A long-standing mystery of how cells conduct "quality control" to eliminate the toxic effects of a certain kind of error in protein production has been solved by scientists.
The findings of the Scripps Research Institute study may lead to a better understanding of a host of neurodegenerative diseases, reports Nature.
"It is exciting because we are dealing not only with a process that is clearly relevant for physiology and disease but also with new biology," said lead author Claudio Joazeiro.
The new study has suggested how cells in eucharistic organisms, like humans, sense and destroy "non-stop" proteins that remain stuck in the ribosome, the protein manufacturing plant of the cell.
One element in mRNA essential to this protein manufacturing process is known as a "stop codon." A stop codon both signals the end of the mRNA coding sequence to the ribosome so it stops assembling the protein, and recruits factors that promote the protein's release into the cellular cytoplasm so the protein can go forth and perform its biological functions.
When mRNA is accidentally missing a stop codon, however, the ribosome is like an auto manufacturing plant that can't get a car off the end of the line-the line stalls and production stops.
"In addition, these defective mRNA are problematic because they are translated into aberrant proteins," explained Joazeiro.
"For these reasons, there are machineries in all living organisms-whether bacteria or more complex eukaryotic organisms-that target and destroy both these non-stop messenger RNA and the resulting non-stop proteins," he said.
In the current study Joazeiro and Bengtson used the yeast S. cerevisiae as a model organism. Yeast is complex enough to share many cellular features with other eukaryotes such as mice and humans, yet relatively simple to work with in the lab.

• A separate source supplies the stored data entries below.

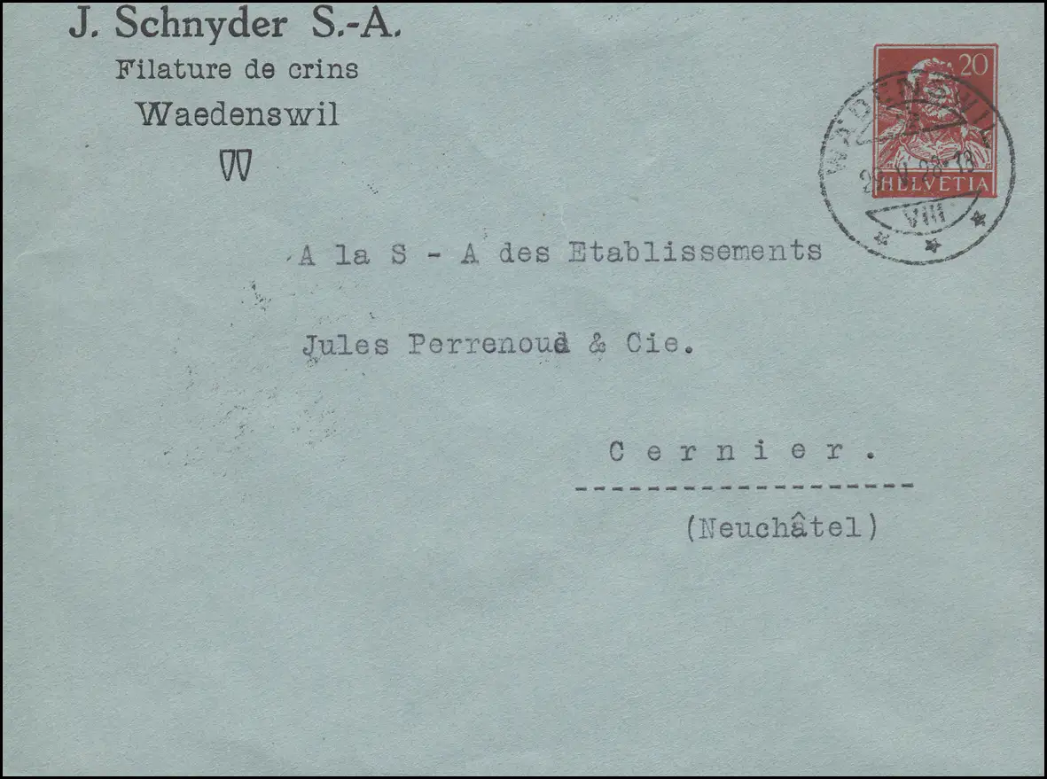 Schweiz Privatumschlag Tellbrustbild 20 C. Filature de crins WAEDENSWIL 29.5.28
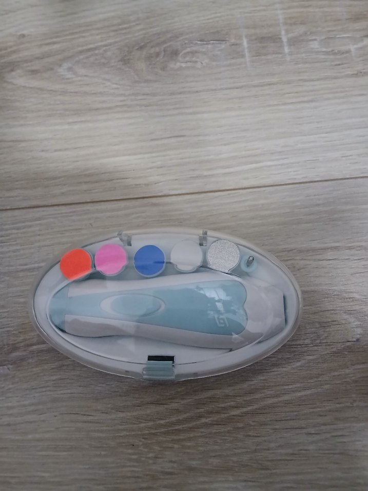 Renkli uçlu, şeffaf kutuda kompakt elektrikli manikür seti, kolay tırnak bakımı sağlar. bebekler içindir sıfır kullanmadık
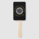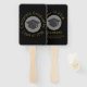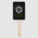 Ein Handventilator für den Abschluss. Auf der Vorderseite steht Glückwunsch Absolventen, Klasse von 20xx und auf der Rückseite der Absolvent der Name und Schule und Klasse von 20xx, in einer goldenen Farbe geschrieben. Entwickelt mit einem schwarzen Graduierdeckel, umgeben von einem halbtransparenten weißen Kreis. Schwarzer Hintergrund mit goldener Schrift ist einfach, aber stilvoll.
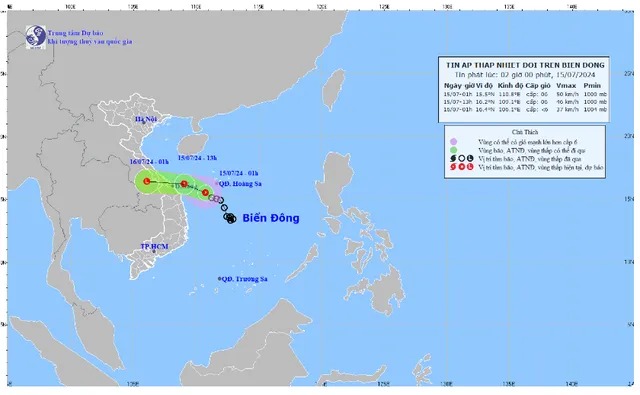 Theo Trung tâm Dự báo khí tượng thủy văn Quốc gia, hồi 1h ngày 15/7, vị trí tâm áp thấp nhiệt đới ở vào khoảng 15,5 độ Vĩ Bắc; 110,8 độ Kinh Đông, trên vùng biể
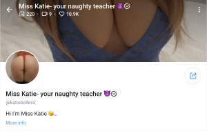 Miss Katie loves to interact and sext with her subscribers. She will also rate your cock if you send her a good tip and a nice pic of it.
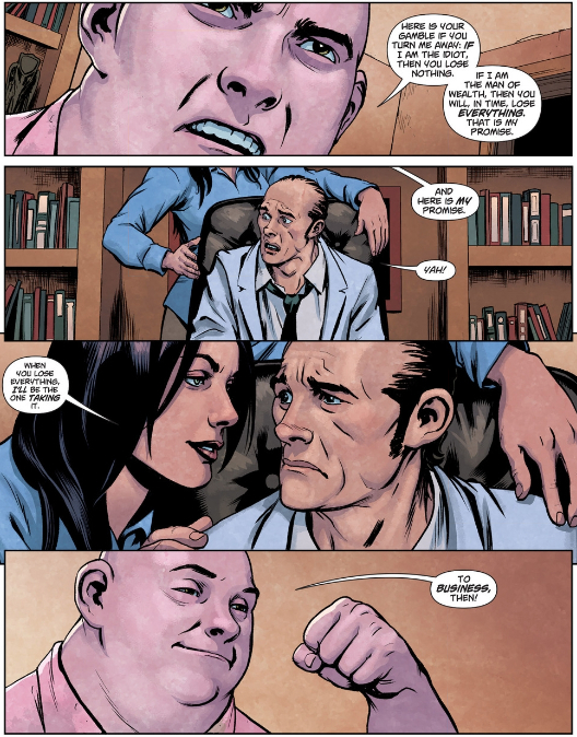 To business, then!I was torn between including this, or the three panels where The Wolf switches into intimidation mode (which features some stellar acting by Saiz), but as a showcase of this creative team’s abilities, it’s hard to beat this sequence. The first panel of the page (not included) shows the lawyer already taking a defensive posture to The Wolf’s verbal assault, but it’s not until Lady Weeds chimes in from behind him that we see how scared he is. Each shot supports the next, building up to that expert piece of blocking. By the time we get to the stinger, it almost doesn’t matter what The Wolf says — we just need to see his face switch from stern to smug.
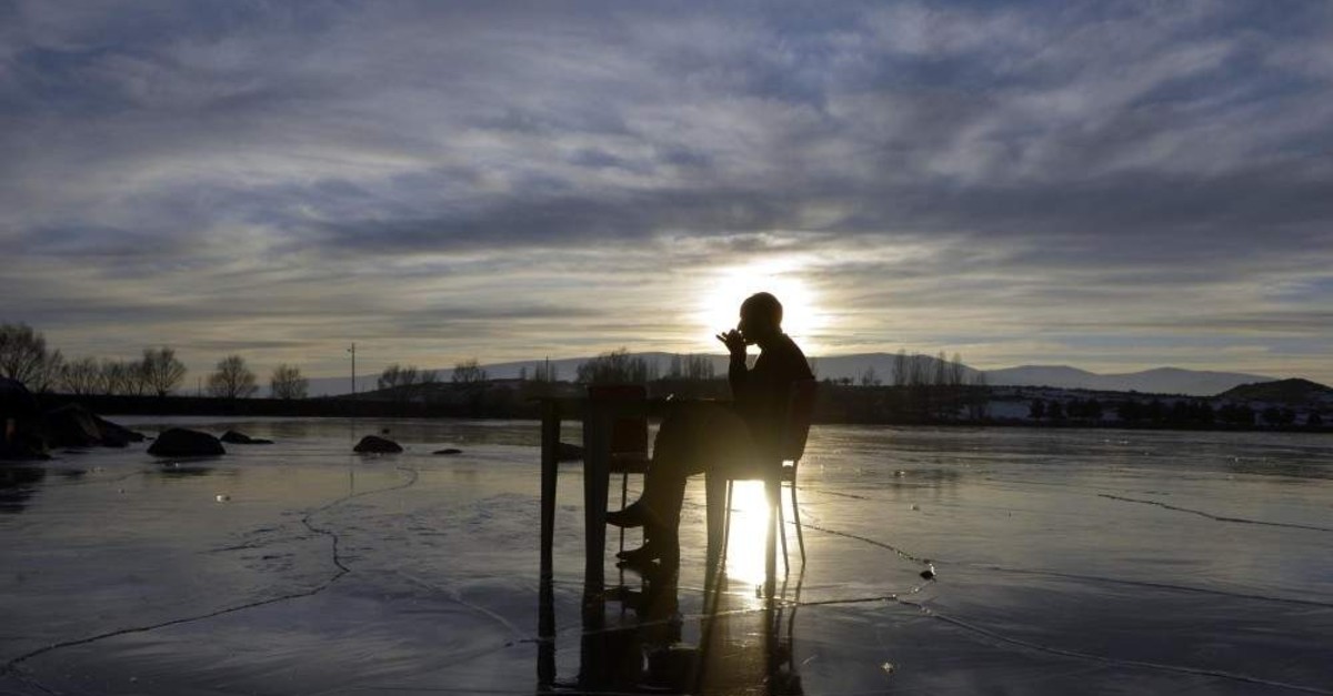 Turhan Kılıç, who runs a fish restaurant in the village of Akçakale, has been offering his customers an unforgettable dining experience by setting up a few tables on the frozen lake itself so that visitors can enjoy their beverages while they watch the breathtaking sunset.
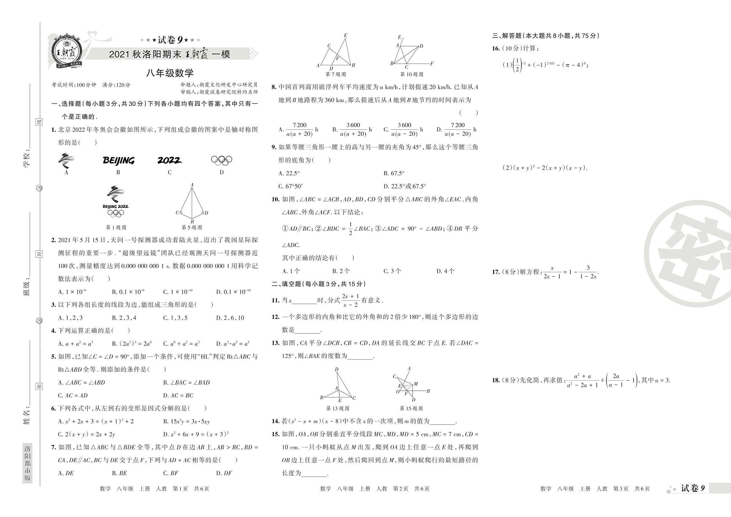 王朝霞期末模拟卷八年级上册数学(人教版)_R211224094122477【9】
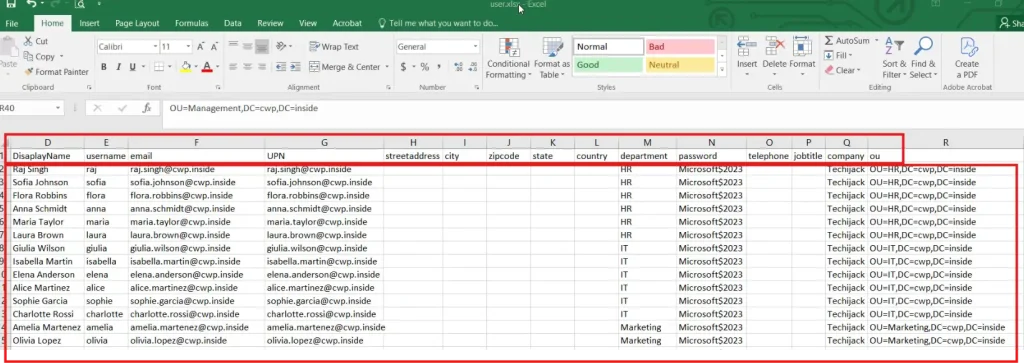 然后用所需的名称、其他属性(例如部门和 OU)填充此 Excel 文件。

Most importantly, since it possesses a short lifecycle, yeast experiments can yield results more quickly.
When the results were in, they showed that cells without Listerin (called Ltn1 in yeast) failed to get rid of non-stop proteins and died when those proteins were produced.
"The [bacterial and eukaryotic] mechanisms are very different, but the concepts are remarkably similar-that's the beauty of it.
"It also turns out that in the same way that the tmRNA molecule is conserved in all bacteria, Listerin is conserved in all eukaryotes, which once again highlights its importance.
"It appears that between tmRNA and Listerin we have coverage throughout most living organisms of the surveillance of these defective proteins," said Joazeiro.